Fabris C, Benini L, Del Favero G, Cavallini G, Basso D, Vantini I, Bonvicini P, Brocco G, Piccoli A, Tonon M
Enzyme. 1987;37(4):174-81. doi: 10.1159/000469259.
In order to investigate the role of circulating free trypsinogen and renal tubular dysfunction in affecting trypsin plasma-urine transfer, serum immunoreactive trypsin (IRT), its urinary output, IRT molecular size distribution, filtrable immunoreactive trypsin, gamma-glutamyltransferase and alpha-glucosidase outputs were studied in 6 control subjects, 9 patients with pancreatic cancer and 15 with chronic pancreatitis.

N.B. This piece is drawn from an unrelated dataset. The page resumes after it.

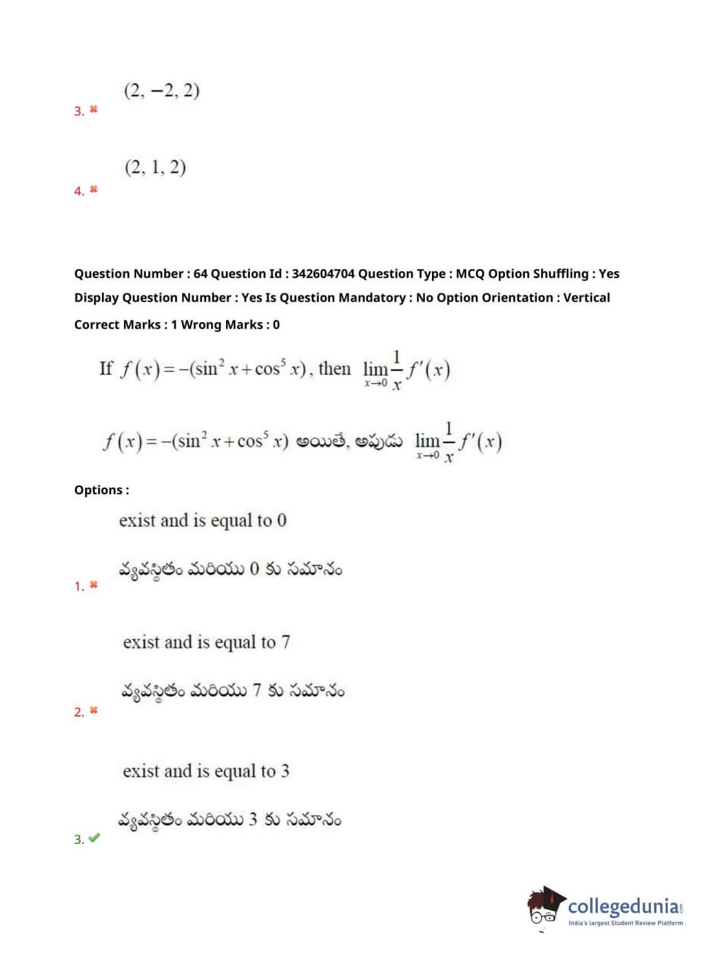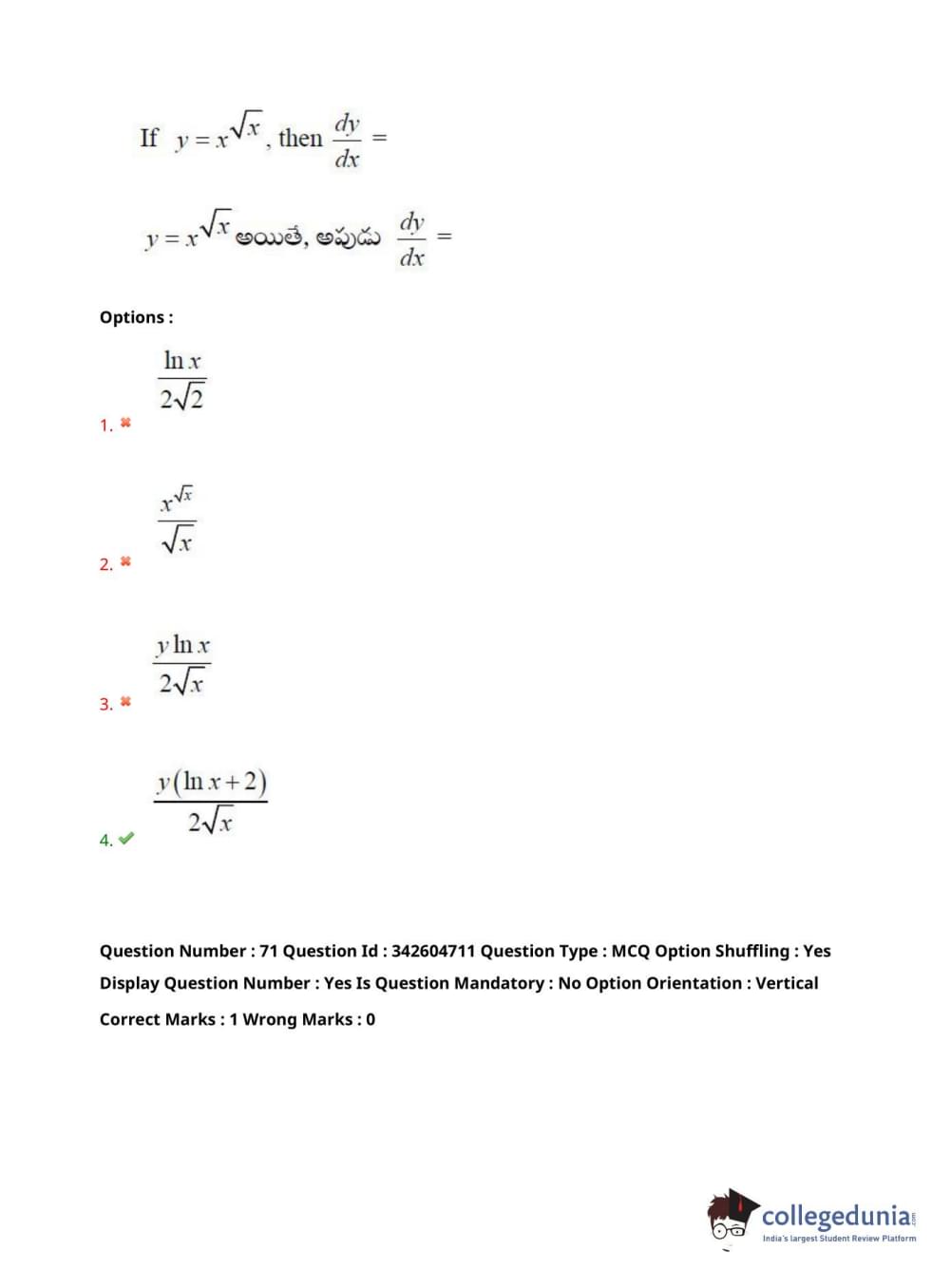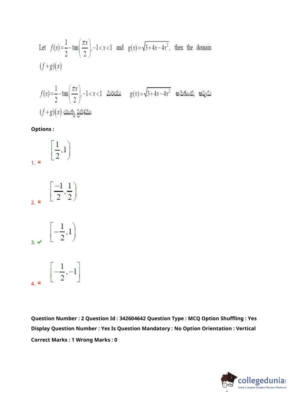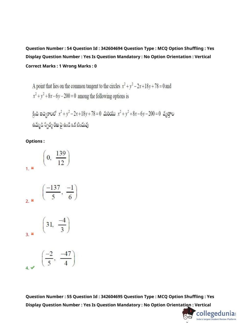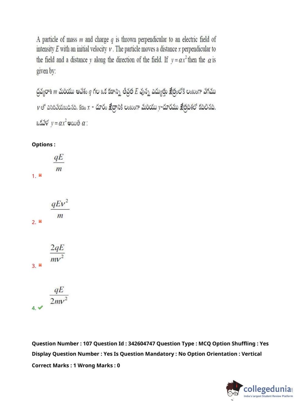 TS EAMCET 2021 Engineering Question Paper with Answer Key PDFs Afternoon Session

The majority of immunoreactivity was always eluted at a molecular weight of about 24,000 and might therefore be considered as free trypsinogen. Variable amounts of IRT at higher molecular weights, possibly represented by trypsin-inhibitor complexes, were also detected. Increasing IRT levels were generally accounted for by free trypsinogen, regardless of the nature of the disease. Unlike serum free trypsinogen levels, renal tubular damage, evaluated by means of the excretion of two high-molecular weight urinary enzymes, seems to play a prominent role in explaining trypsin plasma-urine transfer.

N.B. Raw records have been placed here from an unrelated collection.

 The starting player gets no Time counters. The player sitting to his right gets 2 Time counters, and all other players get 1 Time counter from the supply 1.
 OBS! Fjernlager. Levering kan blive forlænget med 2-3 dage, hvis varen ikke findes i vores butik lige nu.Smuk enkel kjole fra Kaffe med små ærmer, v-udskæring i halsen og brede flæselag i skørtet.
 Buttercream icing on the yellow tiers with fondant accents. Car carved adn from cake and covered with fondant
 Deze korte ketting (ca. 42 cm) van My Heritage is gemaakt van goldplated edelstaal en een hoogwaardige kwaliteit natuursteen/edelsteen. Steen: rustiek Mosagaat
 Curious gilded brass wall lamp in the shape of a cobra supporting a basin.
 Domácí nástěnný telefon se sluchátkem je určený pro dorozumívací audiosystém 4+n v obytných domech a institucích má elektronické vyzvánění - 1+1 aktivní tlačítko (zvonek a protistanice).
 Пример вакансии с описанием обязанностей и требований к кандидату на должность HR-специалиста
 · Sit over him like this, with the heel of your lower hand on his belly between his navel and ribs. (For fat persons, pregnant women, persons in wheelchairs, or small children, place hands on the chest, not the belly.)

为了研究循环游离胰蛋白酶原和肾小管功能障碍在影响胰蛋白酶血浆-尿液转运中的作用,我们对6名对照受试者、9名胰腺癌患者和15名慢性胰腺炎患者的血清免疫反应性胰蛋白酶(IRT)、其尿排出量、IRT分子大小分布、可滤过免疫反应性胰蛋白酶、γ-谷氨酰转移酶和α-葡萄糖苷酶排出量进行了研究。大多数免疫反应性总是在分子量约为24,000时洗脱,因此可能被视为游离胰蛋白酶原。还检测到了较高分子量的可变数量的IRT,可能由胰蛋白酶-抑制剂复合物代表。无论疾病性质如何,游离胰蛋白酶原通常是IRT水平升高的原因。与血清游离胰蛋白酶原水平不同,通过两种高分子量尿酶的排泄评估的肾小管损伤似乎在解释胰蛋白酶血浆-尿液转运中起重要作用。